All UK resident non-domiciled individuals including those becoming deemed domiciled in April 2017 and paying tax on the remittance basis, will have a window of 2 tax years from April 2017 to rearrange their mixed funds held in overseas/offshore bank accounts, where adequate records have been kept and re-base their non-UK assets for capital gains tax at market value as at 6th April 2017. Unfortunately, this is not available to those returning to the UK as deemed domiciled.
Although designed to hit the very wealthy “non-doms” residing in the UK, this in itself may therefore be enough for the average "non-dom" to decide that being assessed on the arising basis is the cheaper option.
It is therefore necessary to prepare two comparative tax calculations at the end of each tax year before deciding how to complete your self-assessment tax return. That is, assuming you are confident that you qualify as being non-domiciled in the first place, bearing in mind this could always be open to challenge by HM Revenue & Customs (HMRC).
Bank accounts will need to be correctly set up to segregate and identify income and gains from capital, bearing in mind capital remittances are not taxable, and accurate records maintained regarding the inward and outward movements within the accounts.
Domicile being a concept of law and used in tax law is a complex subject and also has implications for inheritance tax irrespective of one’s residence status. However, the 15 out of the last 20 year rule will replace the current 17 out of the last 20 year rule, bringing inheritance tax in line with income and capital gains tax, the implications being that - where UK domiciled - this will result in one's estate being liable to inheritance tax on worldwide assets and not just UK-situated assets where non-domiciled.

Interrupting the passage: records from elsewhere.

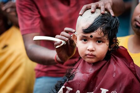 Close-up of baby boy devotee getting tonsured or head shaving ritual in Thaipusam Festival.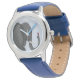 The blue band is the right color for a boys watch.  My grandson loves lacrosse and the watch is easy to put on.  He is ten years old. The lacrosse picture is very clear and I like the blue hands on the watch.  It's good for teaching time.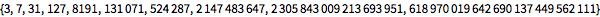 mpe = Table[MersennePrimeExponent[n], {n, 1, 10}]Out[1]=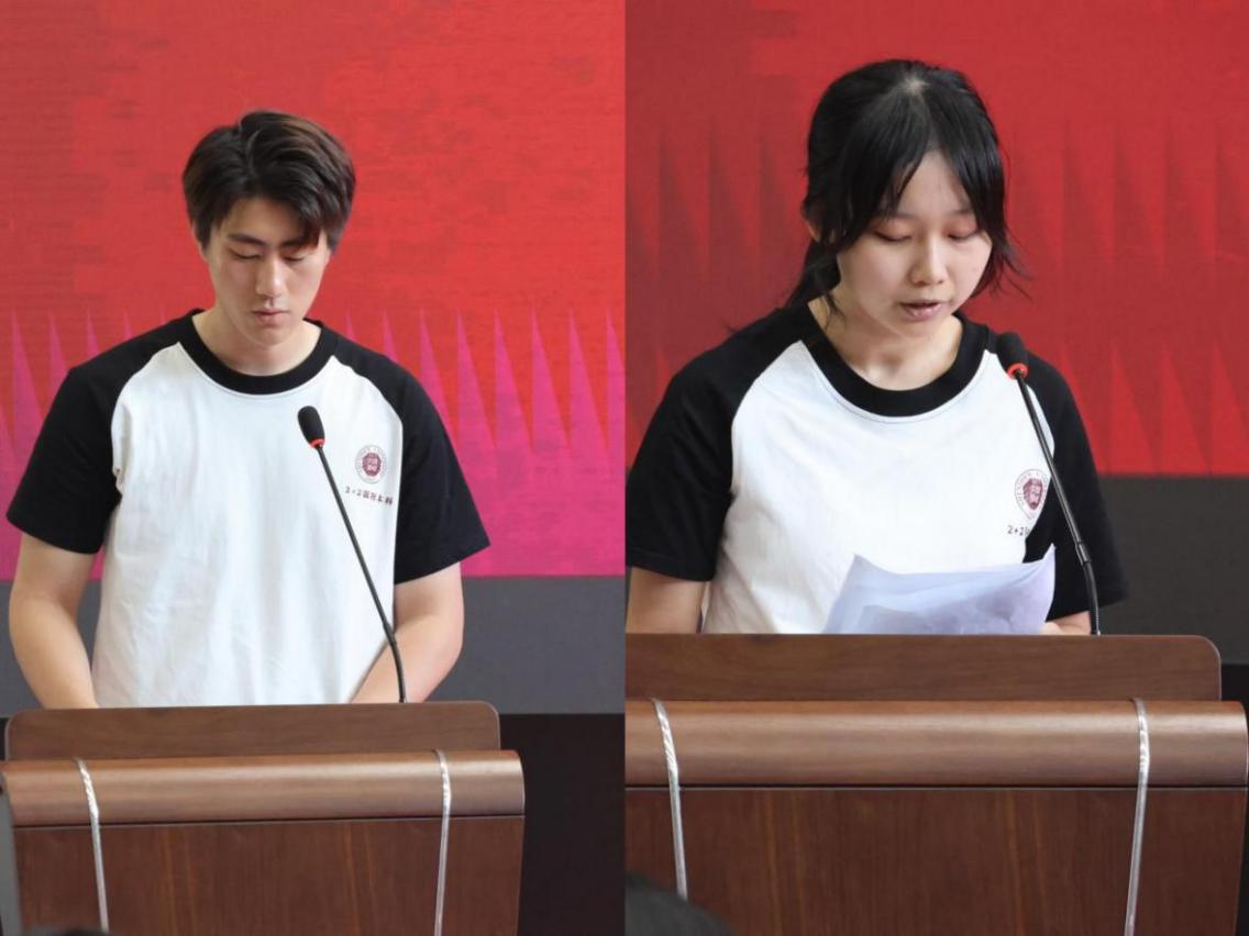 2024级新生代表张孟熙同学发言,他诚挚地表示将以饱满的热情投入到学习中,以深圳大学2+2国际本科项目为起点,开启新的学习征程,实现留学梦想。紧接着,新生代表王思蔻同学用流利的英文发言:“很高兴自己能就读深圳大学2+2国际本科项目,能站在这里展示自己,分享自己的愿景。面对新的挑战和机遇,我充满了期待,希望我们能够放飞梦想,遇见更好的自己”。

Has your domicile of origin been replaced with a domicile of choice or domicile of dependence? How does your domicile impact on your UK tax liabilities ? It is recommended that an independent professional opinion on your domicile and a review of the implications for UK tax purposes be obtained to help support your claim should HMRC enquire into your tax return.
Replacement of the Non-Dom tax rules
With effect from 6th April 2025, the above tax rules for non-doms will be abolished and replaced with a new regime as follows.

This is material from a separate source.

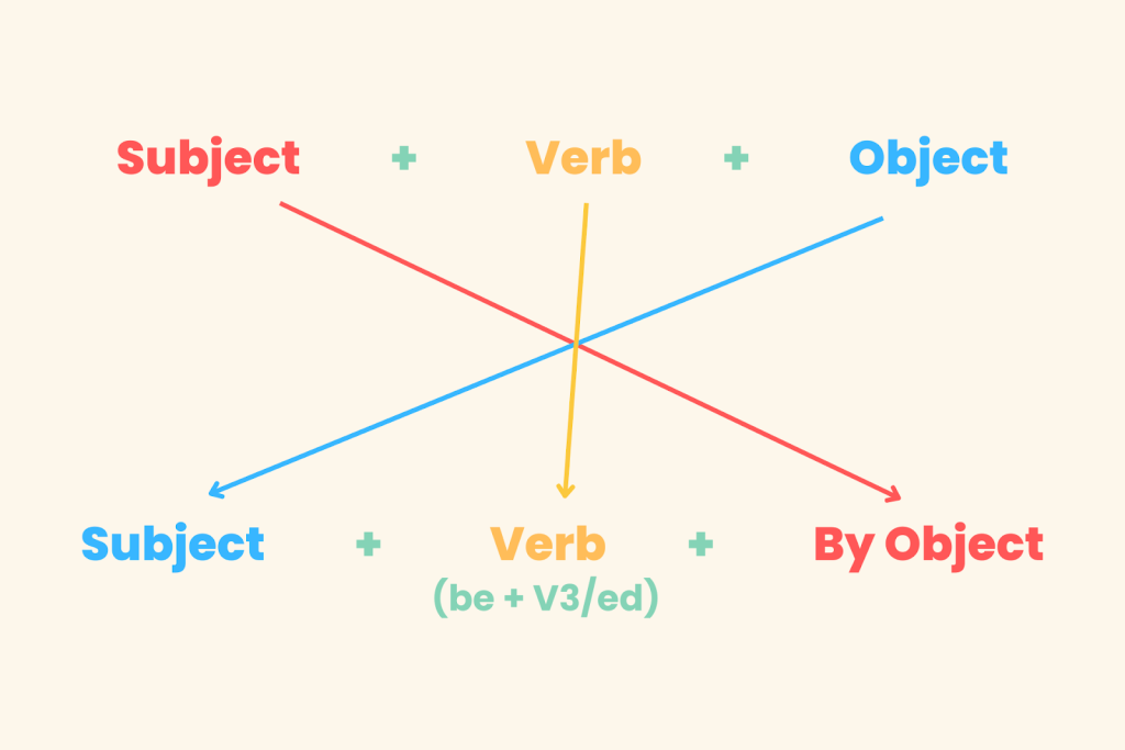 Chủ ngữ ban đầu có thể được chuyển thành tân ngữ và đặt sau by. Trong nhiều trường hợp, phần by + O có thể lược bỏ nếu không cần nhấn mạnh tác nhân gây ra hành động.

Non-residents who return to reside in the UK and who have qualified as not-resident for the previous 10 tax years can opt to be for their overseas income and gains (including distributions from non-resident trusts) to be exempt from UK tax for the first 4 tax years of UK residence. After those 4 years they will be liable for UK tax on worldwide income and gains.
However, if opting for this method they will lose their entitlement to claim the tax free personal allowance and annual capital gains tax exemption.

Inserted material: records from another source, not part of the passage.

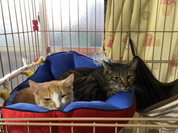 当初は1匹の予定でしたが、フーコを迎え入れたのはゴン太くんが一人でさみしい思いをしているんじゃないか、遊び相手が欲しいんじゃないかと色々考えてゴン太を譲渡していただいた保護団体からフーコを迎え入れました。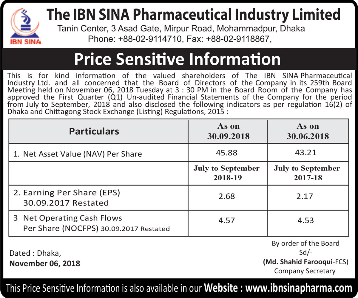 Price Sensitive Information of The IBN SINA Pharmaceutical Industry PLC
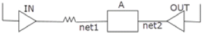 When you netlist the design using the NC-Verilog Integration Environment, R1<0:1> is removed from the resulting netlist. The scalar net NET2 becomes the surviving net for the shorted connection between I1<0:1> and I2<0:1>, as illustrated in the following figure.

Transitional rules will apply to current UK resident non-doms who move from the remittance basis to the arising basis and do not qualify for the 4 year rule. For the 2025/26 tax year, only 50% of their overseas income and gains will be liable for UK tax and from 2026/27 they will be taxed in the normal way.
For the 2025/26 and 2026/27 the remittance of pre-6th April 2025 foreign income and gains (other than from within offshore structures) will be taxable at 12%.